Heb. IV.—4. "For he hath sald somewhere of the seventh day on this wise, And God rested on the seventh day from all his works; 5. And in this place again, 
'They shall not enter into my rest.'
6. Seeing therefore it remaineth that some should enter thereinto, and they to whom the good tidings were before preached failed to enter in because of disobedience, 7. He again defineth a certain day, saying in David, after so long a time To-day, as it hath been before said,
'To-day if ye shall hear his voice, 
Harden not your hearts.' 
8. For if Joshua had given them rest, he would not have spoken afterward of another day." 
"We speak, with Scripture, of the rest of faith. Faith, however, only gives rest because it rests in God; it rests because it allows God to do all; the rest is in God Himself. lt is His own divine rest into which we enter by faith. When the Holy Ghost says, My rest, His rest, God rested, it teaches us that it is God's own rest into which we enter, and which we partake of. lt is as faith sees that the creature was destined to find its rest nowhere but in the Creator, and that in the entire surrender to Him, to His will and His working, it may have perfect rest, that it dares to cast itself upon God, and have no care. lt sees that God, the cause of all movement and change, is Himself the immovable and unchangeable One, and that His blessed rest can never be disturbed by what is done either by Himself or by others. Hearkening to the loving offer, it forsakes all to find its dwelling-place in God and His love. Faith sees what the rest of God is; faith believes that it may come and share in it; faith enters in and rests, it yields itself to Jesus to lead it in and make it partaker. Because it honours God and counts Him all, God honours it; He opens the door, and the soul is brought in to rest in Him.

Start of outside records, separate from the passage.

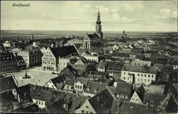 Ak Hansestadt Greifswald, Teilansicht, Kirche
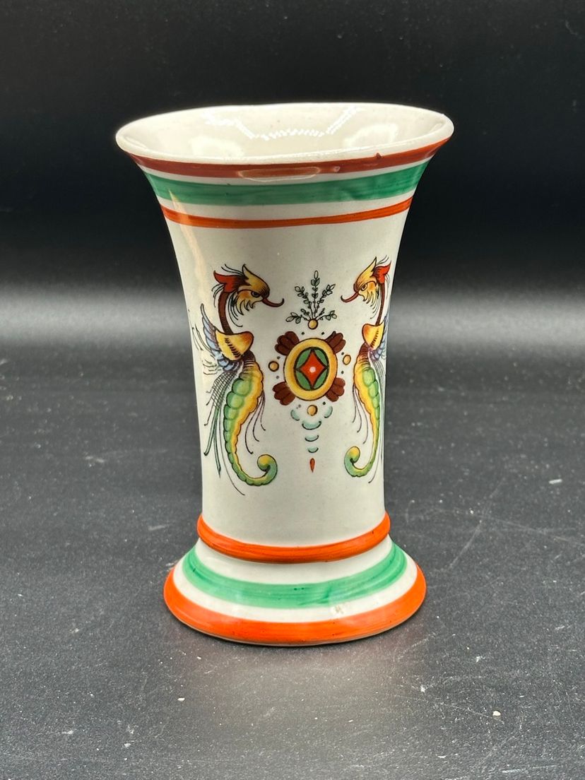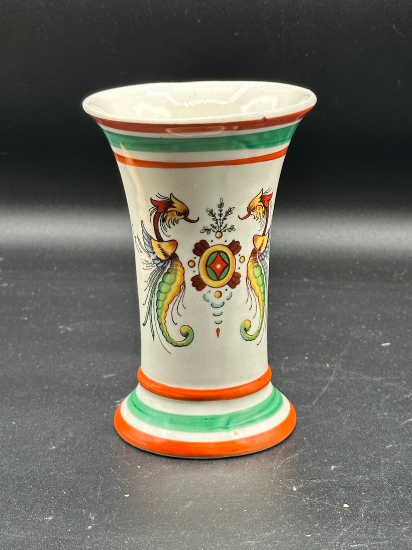 This beautiful vintage vase from Bohemian Czech features a stunning phoenix and dragon pattern in ivory color. The vase is made of ceramic and was crafted using traditional pottery techniques. The piece exudes a Bohemian style and is a perfect addition to any home decor.
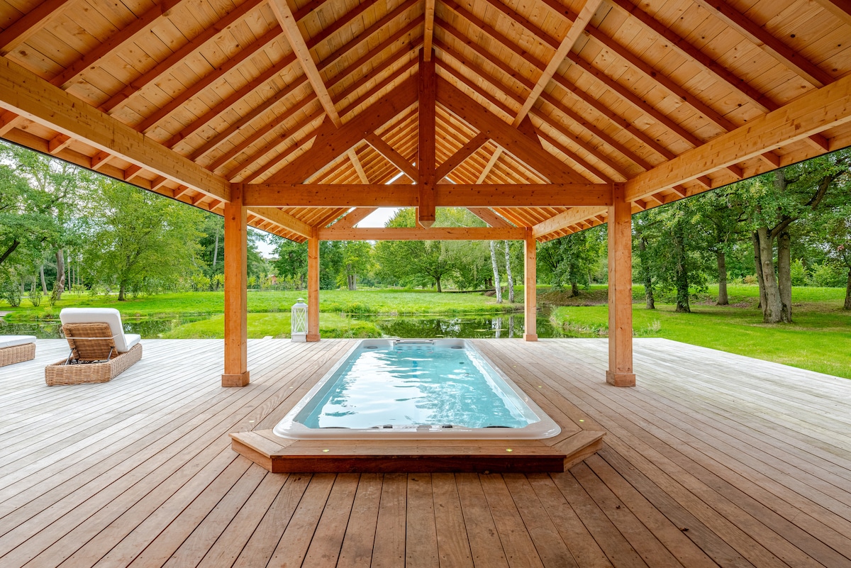 Svuít cois uisce le spá snámha agus sabhna.
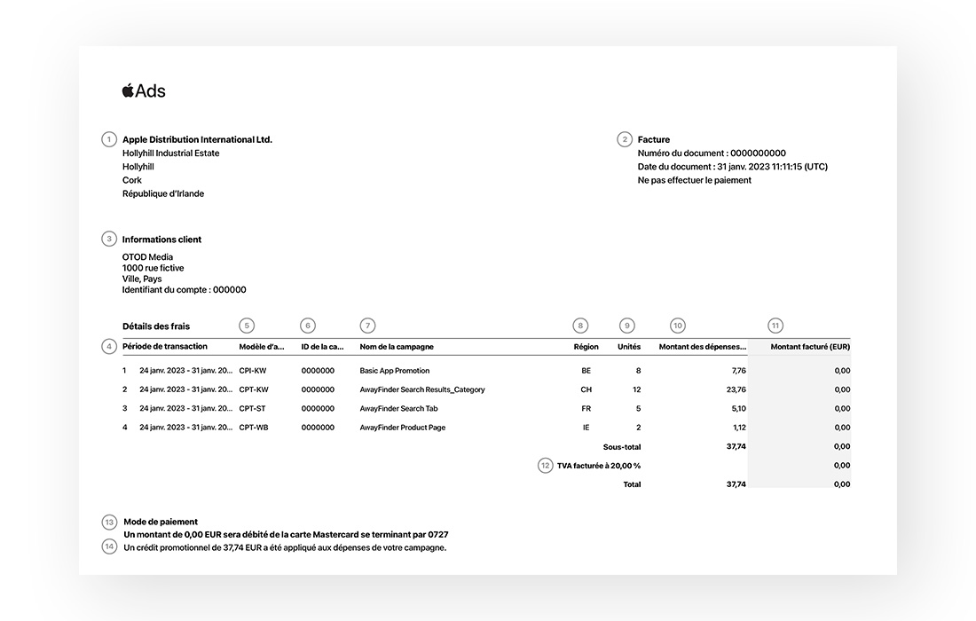 Un ID de campagne associé à chaque campagne et transaction Apple Ads Advanced apparaît dans la section Charge Details (Détails des frais) de votre facture. Si vous utilisez Apple Ads Basic, cette colonne indique un ID de promotion.
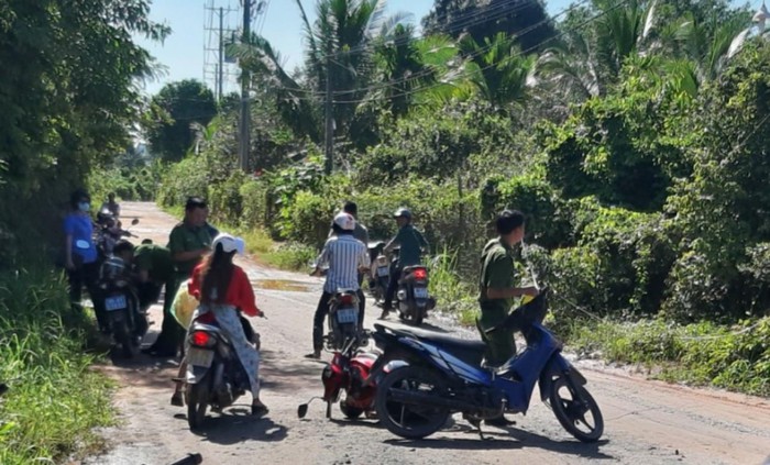 Theo Người lao động thông tin, sau khi đâm chị Thu, ông Vẹn đã treo cổ tự tử tại một cây tràm, cách hiện trường khoảng 5 m.
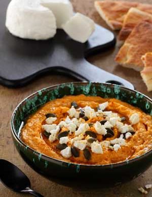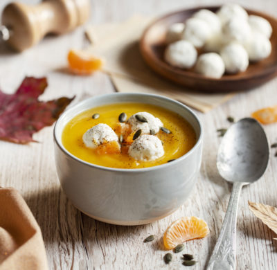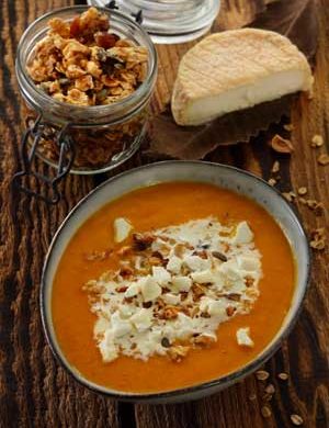 Granola sur soupe de potiron et de carotte aux brisures de Mothais sur feuille
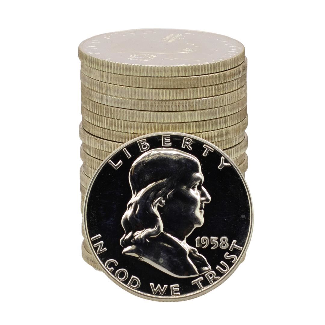 One Roll of (20) Proof 1958 Franklin Half Dollar Coins.
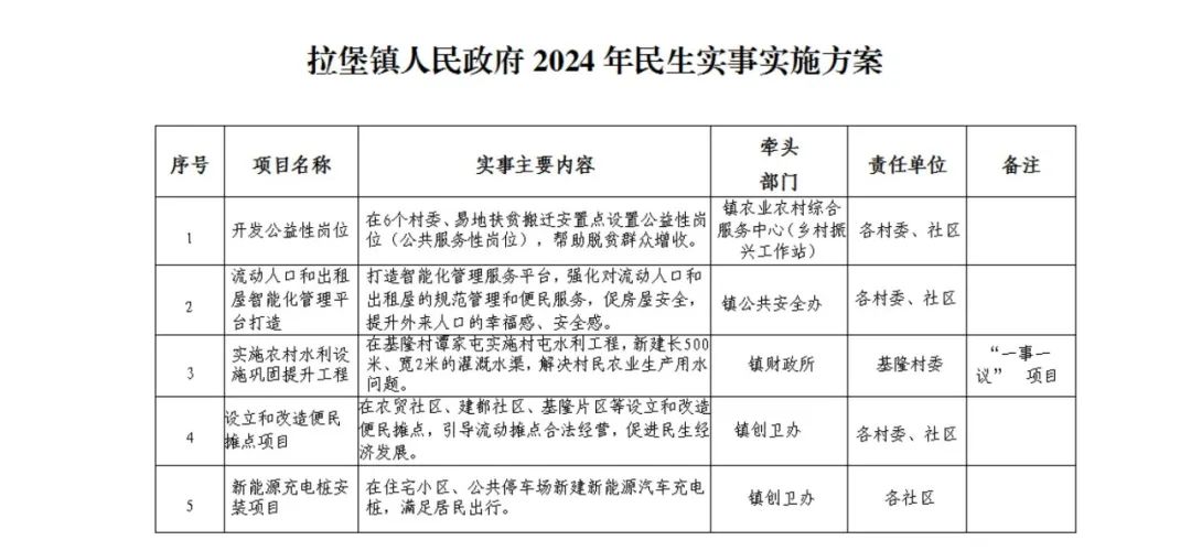 本次大会票选拉堡镇人民政府2024年度民生实事项目现公布如下:
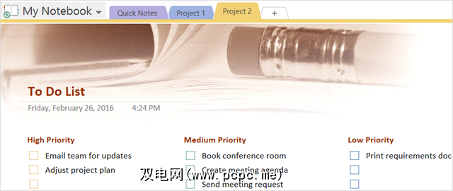 Microsoft OneNote提供了三种类型的满足您需求的任务列表模板。从简单列表到优先列表,您只能选择其中之一或全部。
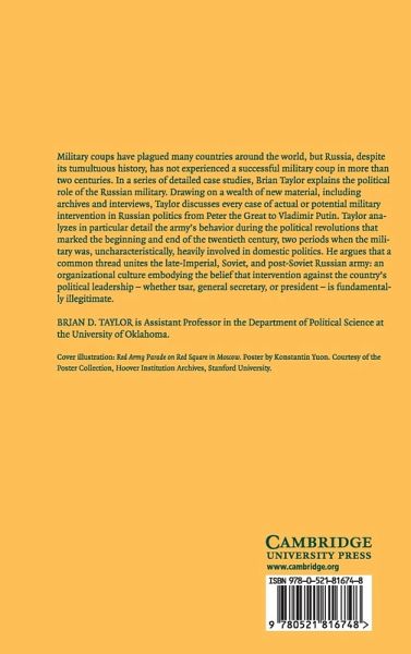 Military coups have plagued many countries around the world, but Russia, despite its tumultuous history, has not experienced a successful military coup in over two centuries. In a series of detailed case studies, Brian Taylor explains the political role of the Russian military. Drawing on a wealth of new material, including archives and interviews, Taylor discusses every case of actual or potential military intervention in Russian politics from Peter the Great to Vladimir Putin. Taylor analyzes in particular detail the army's behavior during the political revolutions that marked the beginning and end of the twentieth century, two periods when the military was, uncharacteristically, heavily involved in domestic politics. He argues that a common thread unites the late-Imperial, Soviet, and post-Soviet Russian army: an organizational culture that believes that intervention against the country's political leadership - whether tsar, general secretary, or president - is fundamentally illegitimate.

This faith is faith in Jesus. It is the insight into His finished work, the complete salvation He bestows, the perfection which was wrought in Him personally, and in which we share as partakers of Christ. The connection between the finishing of a work and the rest that follows is clearly seen in what is said of creation. God rested on the seventh day from all His works. He that is entered into His rest, hath himself also rested from his work, as God did from His. The rest of God was His glad complacency in what He had finished in Creation, the beginning of His blessed work of Providence to care for and bring on to perfection what He had wrought. And so it is the finished work of Jesus that is ever set before us in the Epistle as the ground of our faith, the call for us in fulness of faith to draw nigh and enter in and rest. Because Christ hath put away sin, hath rent the veil, and is set down on the right hand of the throne,—because all is finished and perfected, and we have received the Holy Spirit from heaven in our hearts to make us the partakers of that glorified Christ, we may with confidence, with boldness, rest in Him to maintain and perfect His work in us. And, resting in Him, He becomes our Joshua, perfecting our faith, bringing us in, and giving us a home in the rest of God with Himself, now to go no more out for ever."